### Directions:
Please return exactly the lines from the top of the data through the line that contains "You can add", and skip all pictures.
◆ ◆ ◆ ◆ ◆ ◆ ◆
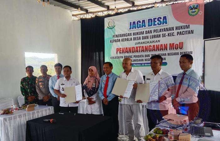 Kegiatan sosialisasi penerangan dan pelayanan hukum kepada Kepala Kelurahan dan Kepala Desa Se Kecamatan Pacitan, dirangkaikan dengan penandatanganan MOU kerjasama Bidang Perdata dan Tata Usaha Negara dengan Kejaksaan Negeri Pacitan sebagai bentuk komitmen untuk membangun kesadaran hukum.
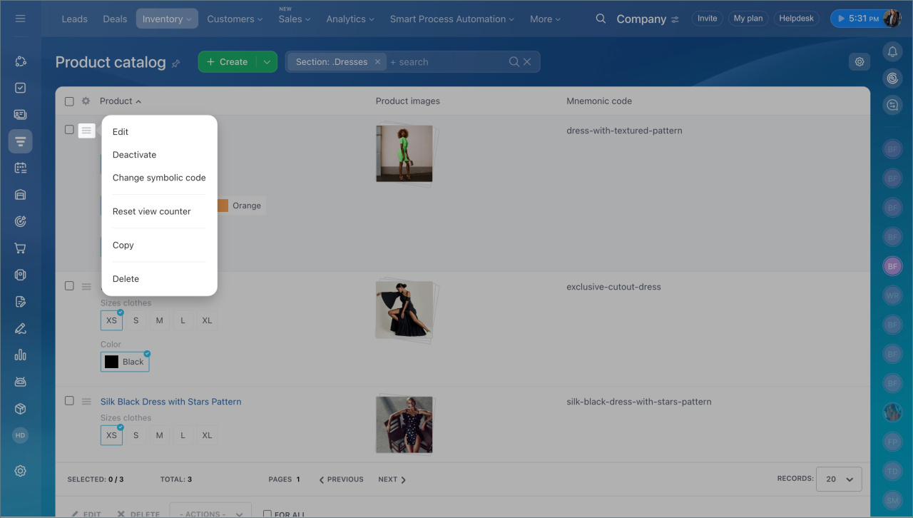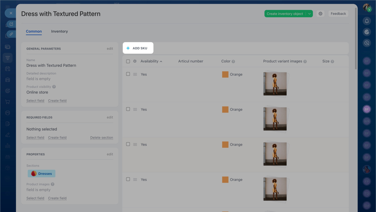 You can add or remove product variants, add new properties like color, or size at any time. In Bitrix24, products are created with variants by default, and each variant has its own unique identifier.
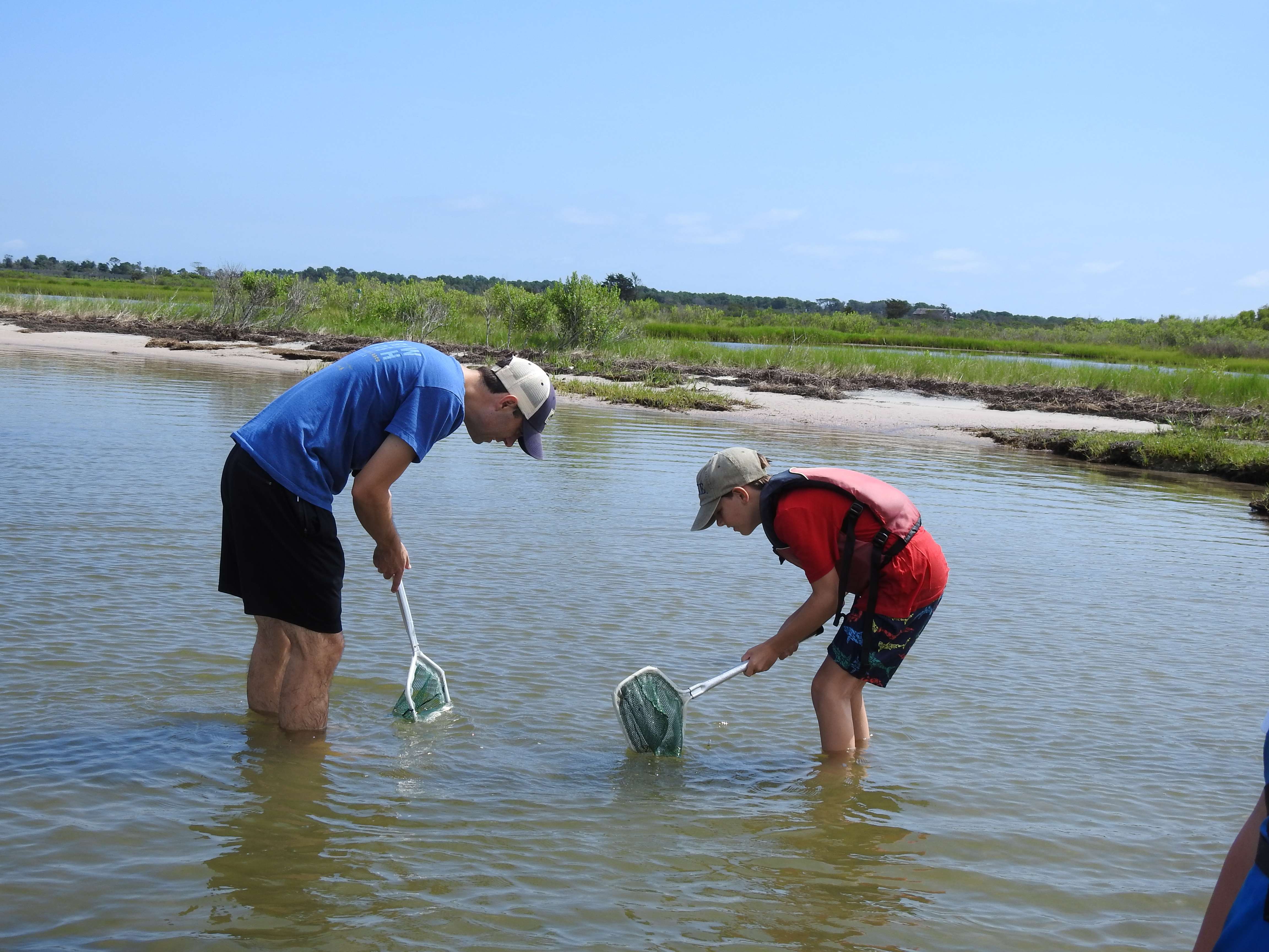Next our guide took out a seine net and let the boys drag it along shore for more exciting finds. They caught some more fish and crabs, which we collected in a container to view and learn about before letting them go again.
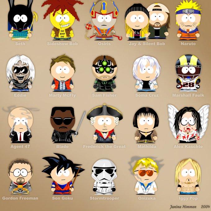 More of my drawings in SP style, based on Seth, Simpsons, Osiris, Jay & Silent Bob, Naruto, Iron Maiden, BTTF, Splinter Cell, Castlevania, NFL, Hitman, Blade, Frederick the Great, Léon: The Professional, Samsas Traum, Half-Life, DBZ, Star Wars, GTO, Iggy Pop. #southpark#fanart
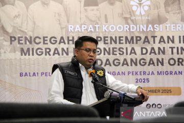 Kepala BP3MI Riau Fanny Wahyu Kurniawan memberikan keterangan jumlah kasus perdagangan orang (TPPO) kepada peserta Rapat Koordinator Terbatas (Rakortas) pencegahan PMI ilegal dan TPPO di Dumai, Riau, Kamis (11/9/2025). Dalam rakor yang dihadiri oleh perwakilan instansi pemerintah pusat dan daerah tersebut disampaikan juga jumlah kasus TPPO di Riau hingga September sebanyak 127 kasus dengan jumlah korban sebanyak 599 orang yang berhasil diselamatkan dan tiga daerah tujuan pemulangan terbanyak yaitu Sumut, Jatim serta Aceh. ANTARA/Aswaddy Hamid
◆ ◆ ◆ ◆ ◆ ◆ ◆
### Expected answer:
 Kegiatan sosialisasi penerangan dan pelayanan hukum kepada Kepala Kelurahan dan Kepala Desa Se Kecamatan Pacitan, dirangkaikan dengan penandatanganan MOU kerjasama Bidang Perdata dan Tata Usaha Negara dengan Kejaksaan Negeri Pacitan sebagai bentuk komitmen untuk membangun kesadaran hukum.
 You can add or remove product variants, add new properties like color, or size at any time. In Bitrix24, products are created with variants by default, and each variant has its own unique identifier.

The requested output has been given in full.